RAF is a software framework developed to operationally evaluate compositional reasoning behavior in Large Language Models (LLMs) under controlled complexity scaling. The framework is designed to distinguish between cognitive failure (reasoning degradation under task complexity) and system failure (artifacts arising from infrastructure limits such as token truncation or parsing errors).

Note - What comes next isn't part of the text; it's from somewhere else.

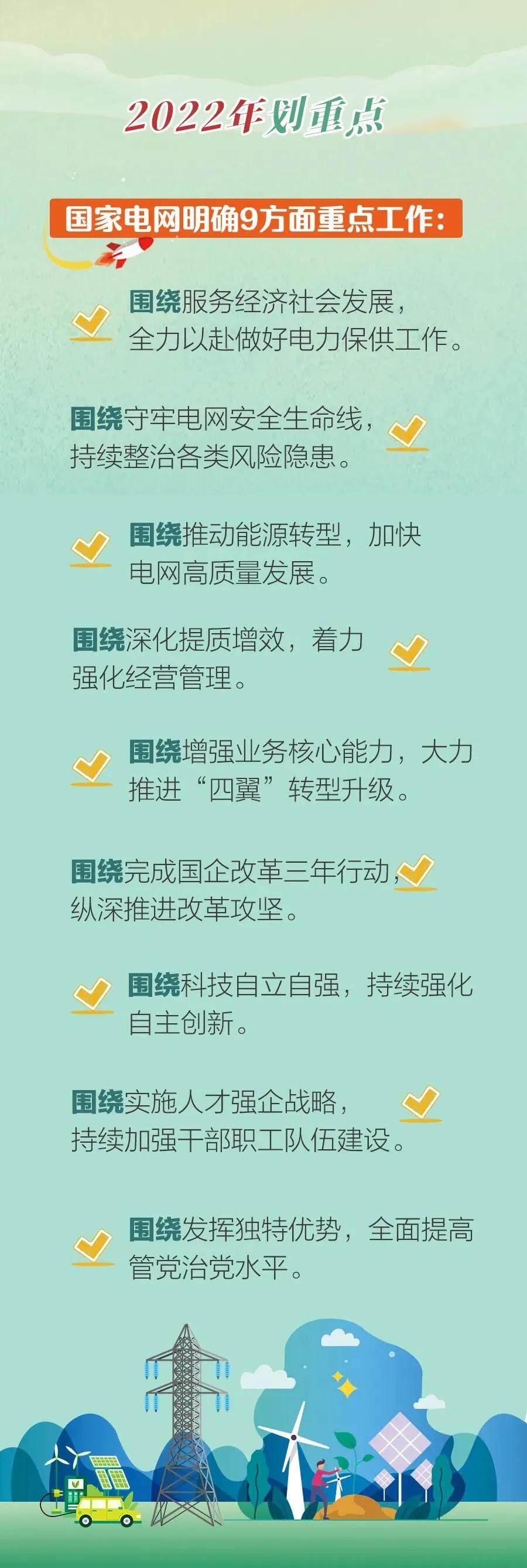 辛保安强调,实现全年目标,要坚持统筹兼顾、突出重点任务,着力抓好九个方面的工作。一要围绕服务经济社会发展,全力以赴做好电力保供工作。加大资源优化配置力度,加强需求侧管理,确保圆满完成北京冬奥会、党的二十大等重大保电任务。二要围绕守牢电网安全生命线,持续整治各类风险隐患。抓好专项整治三年行动收官,提高大电网安全风险防控能力,不断夯实安全基础。三要围绕推动能源转型,加快电网高质量发展。抓好规划前期工作和重点工程建设,积极服务新能源发展,提高电网数字化水平。四要围绕深化提质增效,着力强化经营管理。深入挖潜增效,大力增供扩销,扎实稳妥推进代理购电,提升供电服务水平。五要围绕增强业务核心能力,大力推进“四翼”转型升级。提升金融业务发展质量,稳健拓展国际业务,大力发展支撑产业,加快培育战略性新兴产业。六要围绕完成国企改革三年行动,纵深推进改革攻坚。落实公司“改革实效年”部署,确保国企改革任务务期必成,深入推进电力改革,深化企业内部改革。七要围绕科技自立自强,持续强化自主创新。加快技术攻关,完善创新体系,鼓励基层创造,力争取得更多引领性、战略性、支撑性成果。八要围绕实施人才强企战略,持续加强干部职工队伍建设。深入推进“四优五过硬”领导班子和干部人才队伍建设,统筹推进各类人才发展,关心关爱职工。九要围绕发挥独特优势,全面提高管党治党水平。突出抓好政治建设,持续推动党建提质登高,深化全面从严治党,加强意识形态和宣传思想工作。(转载请注明见道网www.seetao.com)见道网工程栏目编辑/张韬
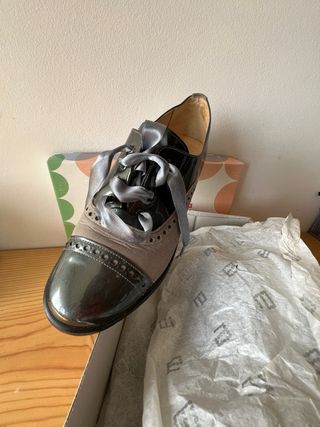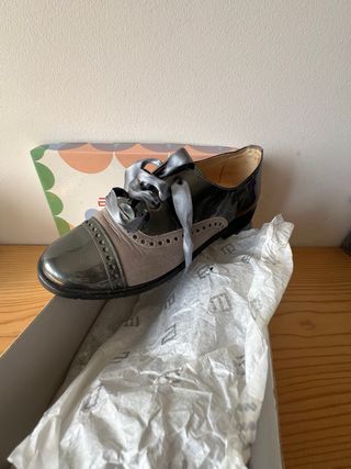 Mocasines de la marca Andanines. - Diseño bicolor en gris y negro. - Detalle de cordones grises de lazo y otros de repuesto de cordón. - Puntera con perforaciones decorativas.

Rather than making claims about internal cognition, RAF focuses on observable, reproducible behavioral signals obtained through carefully structured evaluation pipelines.
RAF follows a decoupled, artifact-aware pipeline architecture to isolate reasoning variables and ensure measurement fidelity.
-
Problem Generator (
test_builder.py)
Generates arithmetic reasoning tasks with linear operation scaling, ensuring monotonic and fine-grained complexity growth. -
Evaluator (
evaluator.py)
Orchestrates API calls across multiple model families with structured logging and failure handling. -
Parser & Judge (
response_parser.py)
Applies Regex-based validation to separate malformed or truncated outputs from logically incorrect reasoning. -
Metrics Calculator (
calculator.py)
Computes R-CDS (Robust Compositional Decay Score) to capture non-linear performance collapses across complexity levels. -
Monitoring Layer
A lightweight Streamlit dashboard visualizes accuracy trends and decay behavior in real time.
| Feature | Phase I & II (Diagnostic Scripts) | Phase III / v3.0 (Framework) |
|---|---|---|
| Logic Structure | Monolithic evaluation flow | Decoupled generator, evaluator, and analysis |
| Complexity Unit | Nesting depth | Linear operation count |
| Error Handling | Mixed logic & system failures | Artifact-aware parsing separation |
| Primary Metric | CDS (aggregate decay) | R-CDS (shape-aware decay) |
| Persistence | Console logs | Structured JSONL artifacts |
RAF evolved through three iterative phases focused on reducing experimental noise and improving interpretability.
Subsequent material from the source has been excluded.